Entain Plc faces a shareholder clash in its £250 million pursuit to acquire leading Baltics online gambling group Enlabs AB.
Texas hedge fund Alta Fox Capital Management, the owner of 3.3% of Enlabs shareholding, has said that it will refuse to sell any shares to Entain at the recommended offer of SEK 40 (£3.50) per share.
Led by US investor Connor Haley, Alta Fox stated that Entain has ‘materially undervalued the company’ by proposing an offer to investors that provides a ‘negligible premium of 1.1% to the pre-offer trading price’.
Rejecting Entain’s bid, Alta Fox said that it has the support from ‘more than 10% of Enlabs’ investors that will choose to reject Entain’s recommended offer.

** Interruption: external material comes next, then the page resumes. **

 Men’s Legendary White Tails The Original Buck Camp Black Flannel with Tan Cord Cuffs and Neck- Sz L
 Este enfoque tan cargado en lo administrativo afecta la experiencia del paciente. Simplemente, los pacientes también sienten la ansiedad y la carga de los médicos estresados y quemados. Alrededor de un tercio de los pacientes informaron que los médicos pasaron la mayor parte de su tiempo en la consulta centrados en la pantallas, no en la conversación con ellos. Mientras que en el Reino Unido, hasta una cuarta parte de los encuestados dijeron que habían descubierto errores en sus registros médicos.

Further investor concerns have been highlighted by Alta Fox, such as the terms of the deal including “unusual circumstances that make us question why Enlabs’ Chairman Niklas Braathen accepted such an inadequate offer”.
Alta Fox is concerned that Entain’s guarantee that Braathen will be offered an executive position post-deal may have influenced the recommendation of the FTSE100 firm’s approach.

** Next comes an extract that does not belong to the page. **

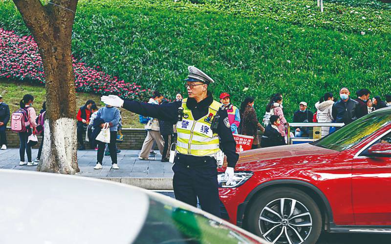 “當(dāng)每臺車輛停好后,他都會主動上前幫忙開門;當(dāng)見到有學(xué)生下車急著離開忘記關(guān)好車門時,他又會趕緊上前熱情地為駕駛員搭把手!边@一系列溫暖舉動,贏得了不少群眾夸贊,也被警風(fēng)監(jiān)督員看在眼里。
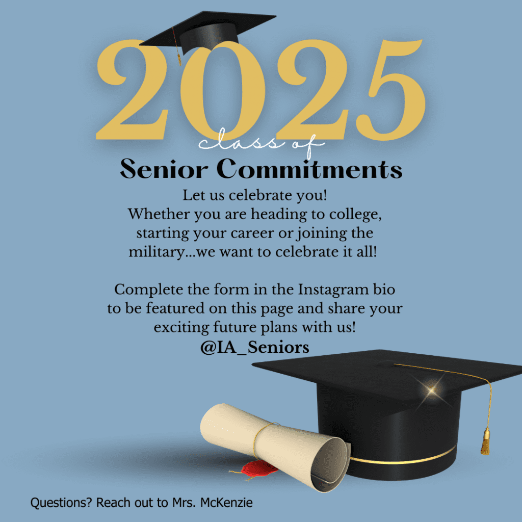 Class of 2025, let us celebrate you. Please follow, like and share our IA_Seniors Instagram page to see all of the wonderful places our Class of 2025 will go! Please see Ms. McKenzie for more info!

Braathen currently serves as Enlabs largest shareholder, maintaining 19.50% equity through his private investment firm Erlinghundra AB.
The executive acquired his significant shareholding in Enlabs, as the founder of Baltic Gaming Group – a company acquired by RedBet Gaming in 2007 – forming Enlabs’ new business entity.

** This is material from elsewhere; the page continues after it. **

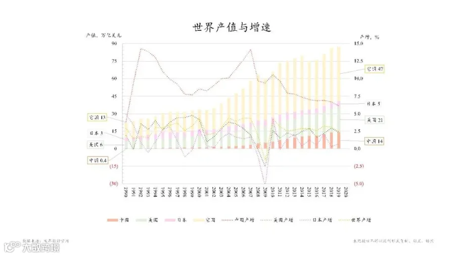 第一张图看看我们从1990年至2019年世界经济总体成长过程,这是一张叠柱图,中间红色的组成部分是我们中国的产值,绿色是美国,粉色是日本,黄色部分是所有的其他国家产值之和。

Alta Fox has responded to Entain stating that shareholders must be compensated for the firm’s ‘excellent growth prospects and as a standalone entity’.
The US hedge fund believes that fair compensation should be priced at 55 SEK per Enlabs share – valuing the company at circa £337 million.
In making its bid, Entain marked Enlabs as a high-value target securing dominant market positions in the Baltic markets of Latvia, Estonia and Lithuania, with the company projected to generate net gaming revenues of €90 million and EBITDA €23.5 million.